Missing the Olympics was not the end of the Columbia Comet. In 1937, Johnson went on to win the AAU and IC4A titles, along with the NCAA 220-yard championship (21.3). He was the first athlete in the 20th century to win three events at the IC4A Championship, winning the 100- and 220-yard dashes and the broad jump.
Johnson then went overseas for a European tour following the 1937 track season. Famed track and field journalist Jesse Abramson wrote in the New York Herald Tribune, “Then Johnson went abroad, beat the pick of Europe, sweeping 11 of 12 races, returning a world- record 10.2 for 100 meters twice with a favoring breeze. John P. Nicholson of Notre Dame, manager-coach on that European tour, called him the world's finest after seeing him run week after week in small towns, in world capitals, on good tracks and bad.”
In 1938, the Columbia Comet put a final stamp on his career with an outstanding performance at The 1938 Melrose Games in Madison Square Garden. In front of 17,000 fans, Johnson ran 6.2, 6.1 and 6.0 in the 60-yard dash, tying the world record, breaking it, then breaking it again. “With his final performance,” Abramson wrote, “he wiped out all recorded 60-yard records, on boards, on dirt, with and without starting blocks, surpassing the feats of Loren Murchison, Jesse Owens, Ralph Metcalfe, Eddie Tolan, Emmett Toppino and all others.” Voted the outstanding performer by a panel of eight sportswriters, Johnson was hailed as “world's fastest human.”
The rest of his senior season was lost because of a case of the measles, but he did sweep the 100- and 220-yard dashes at White City Stadium in London before 70,000 fans that summer.

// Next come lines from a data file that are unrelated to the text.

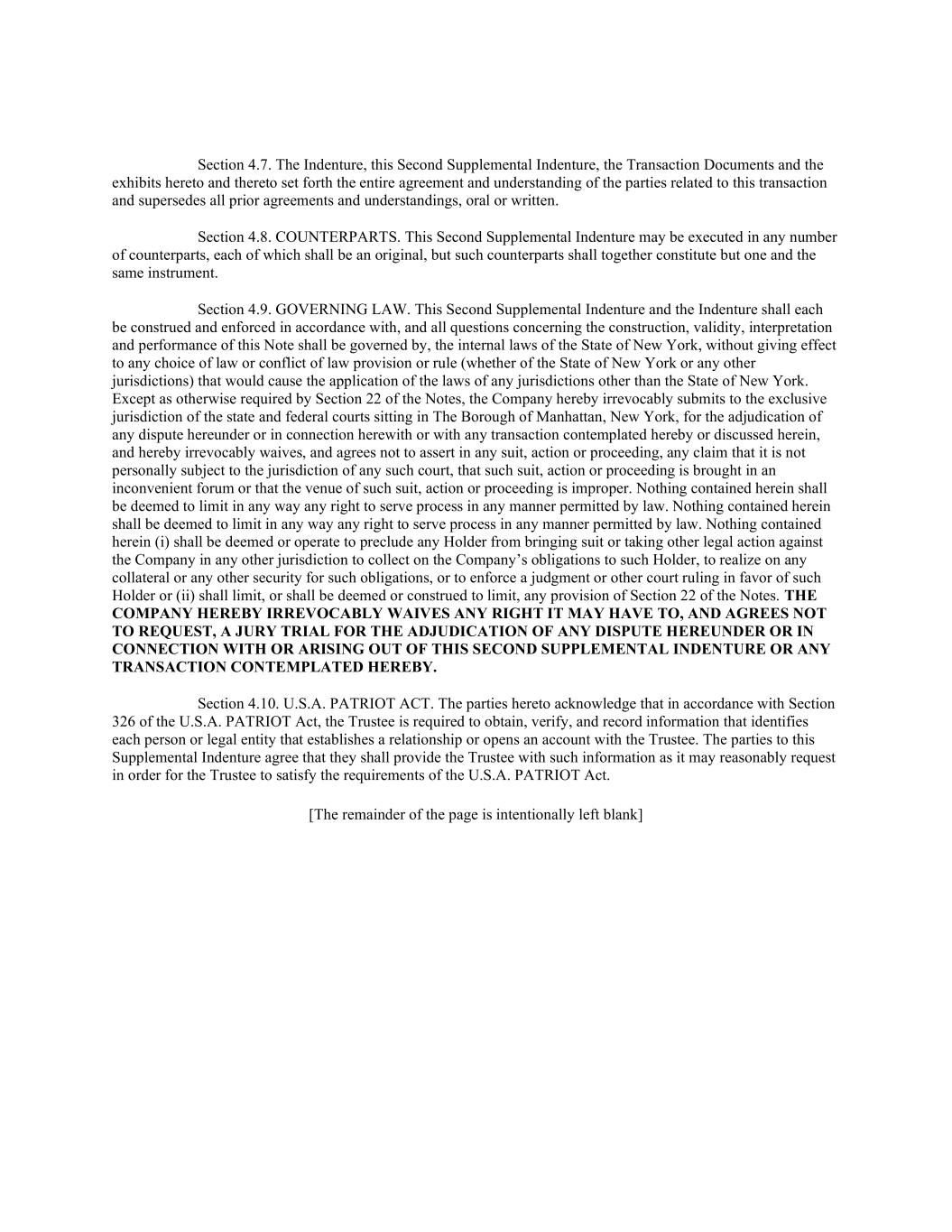 Section 4.7. The Indenture, this Second Supplemental Indenture, the Transaction Documents and the exhibits hereto and thereto set forth the entire agreement and understanding of the parties related to this transaction and supersedes all prior agreements and understandings, oral or written. Section 4.8. COUNTERPARTS. This Second Supplemental Indenture may be executed in any number of counterparts, each of which shall be an original, but such counterparts shall together constitute but one and the same instrument. Section 4.9. GOVERNING LAW. This Second Supplemental Indenture and the Indenture shall each be construed and enforced in accordance with, and all questions concerning the construction, validity, interpretation and performance of this Note shall be governed by, the internal laws of the State of New York, without giving effect to any choice of law or conflict of law provision or rule (whether of the State of New York or any other jurisdictions) that would cause the application of the laws of any jurisdictions other than the State of New York. Except as otherwise required by Section 22 of the Notes, the Company hereby irrevocably submits to the exclusive jurisdiction of the state and federal courts sitting in The Borough of Manhattan, New York, for the adjudication of any dispute hereunder or in connection herewith or with any transaction contemplated hereby or discussed herein, and hereby irrevocably waives, and agrees not to assert in any suit, action or proceeding, any claim that it is not personally subject to the jurisdiction of any such court, that such suit, action or proceeding is brought in an inconvenient forum or that the venue of such suit, action or proceeding is improper. Nothing contained herein shall be deemed to limit in any way any right to serve process in any manner permitted by law. Nothing contained herein shall be deemed to limit in any way any right to serve process in any manner permitted by law. Nothing contained herein (i) shall be deemed or operate to preclude any Holder from bringing suit or taking other legal action against the Company in any other jurisdiction to collect on the Company’s obligations to such Holder, to realize on any collateral or any other security for such obligations, or to enforce a judgment or other court ruling in favor of such Holder or (ii) shall limit, or shall be deemed or construed to limit, any provision of Section 22 of the Notes. THE COMPANY HEREBY IRREVOCABLY WAIVES ANY RIGHT IT MAY HAVE TO, AND AGREES NOT TO REQUEST, A JURY TRIAL FOR THE ADJUDICATION OF ANY DISPUTE HEREUNDER OR IN CONNECTION WITH OR ARISING OUT OF THIS SECOND SUPPLEMENTAL INDENTURE OR ANY TRANSACTION CONTEMPLATED HEREBY. Section 4.10. U.S.A. PATRIOT ACT. The parties hereto acknowledge that in accordance with Section 326 of the U.S.A. PATRIOT Act, the Trustee is required to obtain, verify, and record information that identifies each person or legal entity that establishes a relationship or opens an account with the Trustee. The parties to this Supplemental Indenture agree that they shall provide the Trustee with such information as it may reasonably request in order for the Trustee to satisfy the requirements of the U.S.A. PATRIOT Act. [The remainder of the page is intentionally left blank]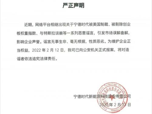2月13日,宁德时代试图终结这一历时弥久的负面疑云。当天,宁德时代公众号发布了一则“严正声明”,指出近期主要的三个传言均为恶意谣言,且公司已于前一日报案。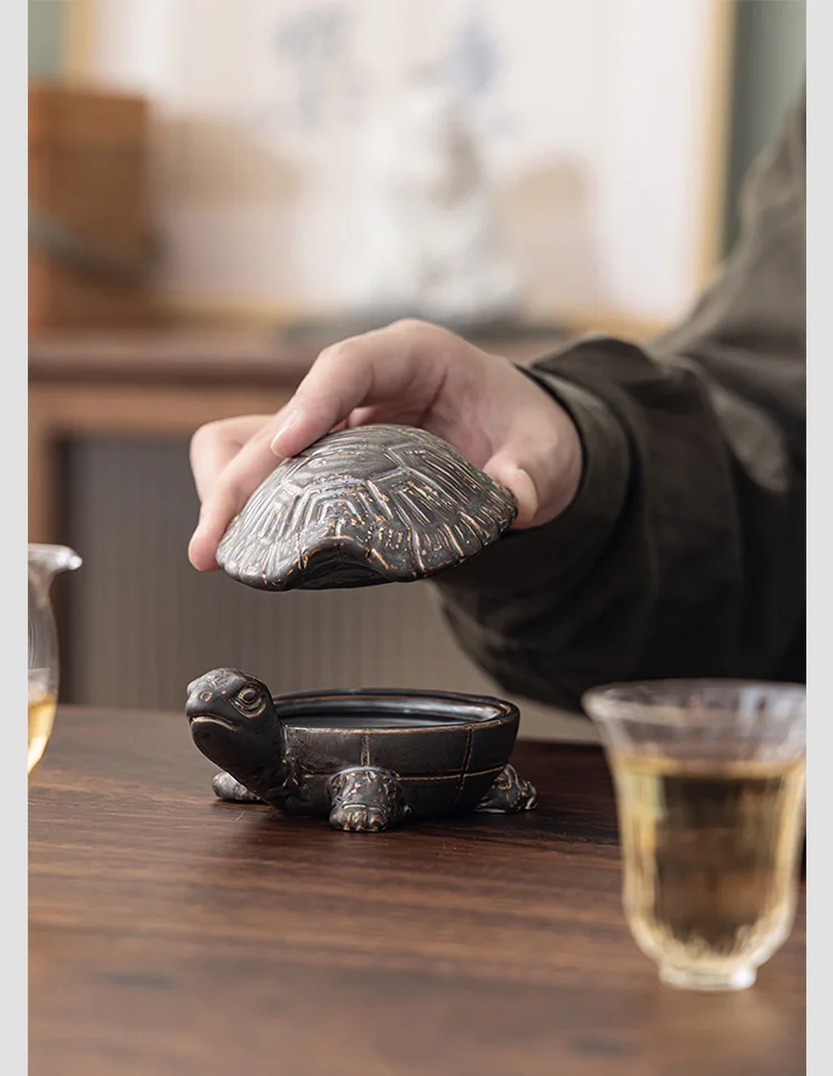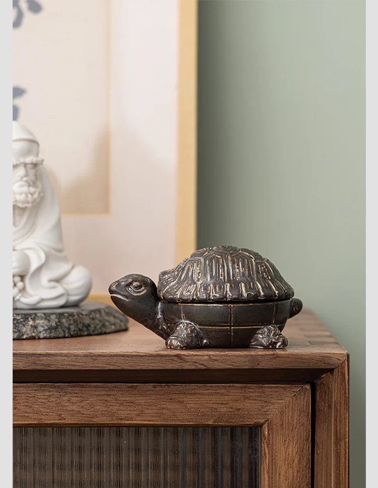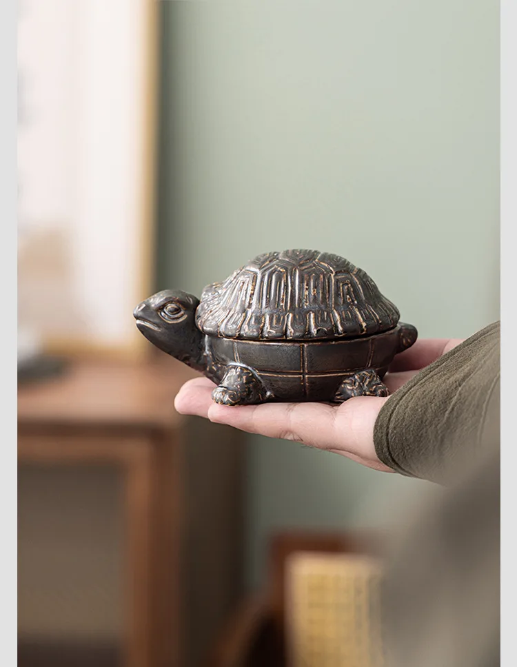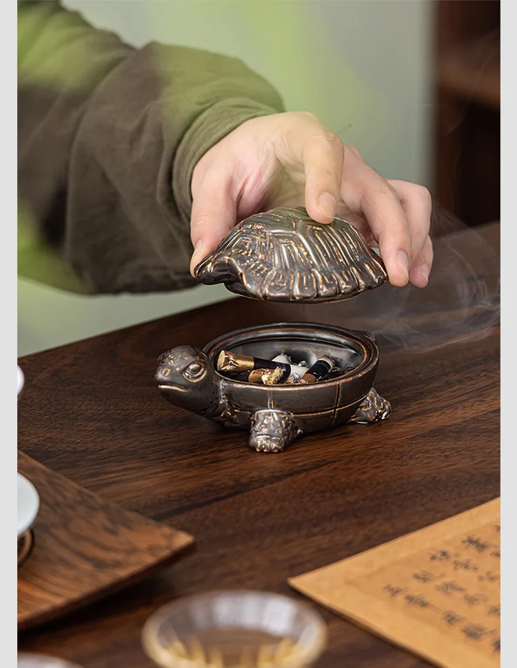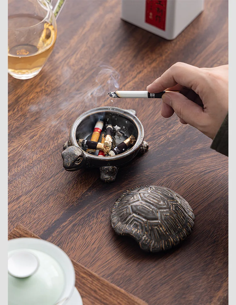 Retro turtle Ashtray Living Room with Lid Anti Fly Ash Ceramic Cigar Ashtray Decoration Chinese Home Decoration Art Friend Gift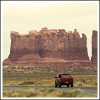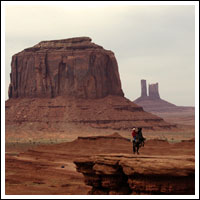 Die Landschaft war staubig, windig und faszinierend. Der Inbegriff des amerikanischen Westens wurde 1959 von den Navajos zum Park erklärt, um die majestätische Natur zu schützen. Im Besucherzentrum von Tse’Bii’Ndzisgaii, wie das Tal von den Indianern genannt wird, dokumentierte eine kleine Ausstellung das Leben der Navajos und Hopis, deren Reservat das größte zusammenhängende in den Vereinigten Staaten ist. John Wayne, der hier mit John Ford seine ersten Filme drehte, ritt im Souvenirshop auf Handtüchern, Plakaten und Kaffeetassen neben Dreamchatchern und Cowboyhüten „Made in China“. Ein etwa 17 Meilen langer Rundkurs führte auf einer mit mächtigen Schlaglöchern gesegneten Staubpiste durch das Tal über die sich neben Jeeps und Pickups auch einige wagemutige Wohnmobile quälten. Die mächtigen Felstürme, durch Wind- und Regenerosion geschaffen, reckten sich wie Überbleibsel einer vergangenen Epoche gegen den Himmel. Feiner, roter, mehlartiger Sand wurde immer wieder von heftigen Windrosen aufgewirbelt. Elefantenberg und Marterpfahl, Sandbach und Radnabe. Die Navajos hatten jedem der Urgewalten einen Namen gegeben. Am John Ford Point trafen sich die meisten Touristen, die den Weg ins Tal hinein gewagt hatten. Ein junger Indianer saß mit seinem Pferd für Fotos Model und ließ den Hengst immer mal wieder marketingmäßig steigen. Indianerinnen verkauften den traditionellen wie bekannten Silberschmuck mit blauen Türkiseinsätzen an Japaner, Franzosen und Deutsche. Weit hinten im Tal duckten sich einzelne Wohntrailer und Blockhütten gegen die Felswände und boten den Indianern Heimat. Um sich dem Gefühl von Marlboro-Freiheit und „Spiel mir das Lied vom Tod“ ganz hingeben zu können, boten die geschäftstüchtigen Navajos auch Reittouren durchs Gelände an. Am „Nordfenster“ trommelten zwei dicke Navajos für eine Schar japanischer Touristen einige Indianerrythmen und ließen sich dabei ausgiebig fotografieren. Kayenta war für mich die letzte Station, bevor ich mich über den Highway 160 weiter in Richtung Westen fuhr. In der kleinen Stadt leben fast 5.000 Indianer; die Retortenwohnungen reihen sich aneinander, eine Tankstelle und ein Store, MacDonalds und drei Motels vervollständigen das Nest, welches jährliche Rodeos veranstaltet. Die Indianer lassen sich hier nicht lumpen, haben die frühen Geldüberfälle umgedreht und verlangen für eine Übernachtung schlappe 180 Dollar.

With no professional track and field at the time, Johnson began to teach history and coach track after graduation from Columbia in 1939. Johnson then enlisted in the Army in December of 1942 and fought for his country in Germany in World War II. He ended his Army career in the mid-1950s among the nation's first black colonels.
Johnson was inducted into the Columbia Athletics Hall of Fame in 2006.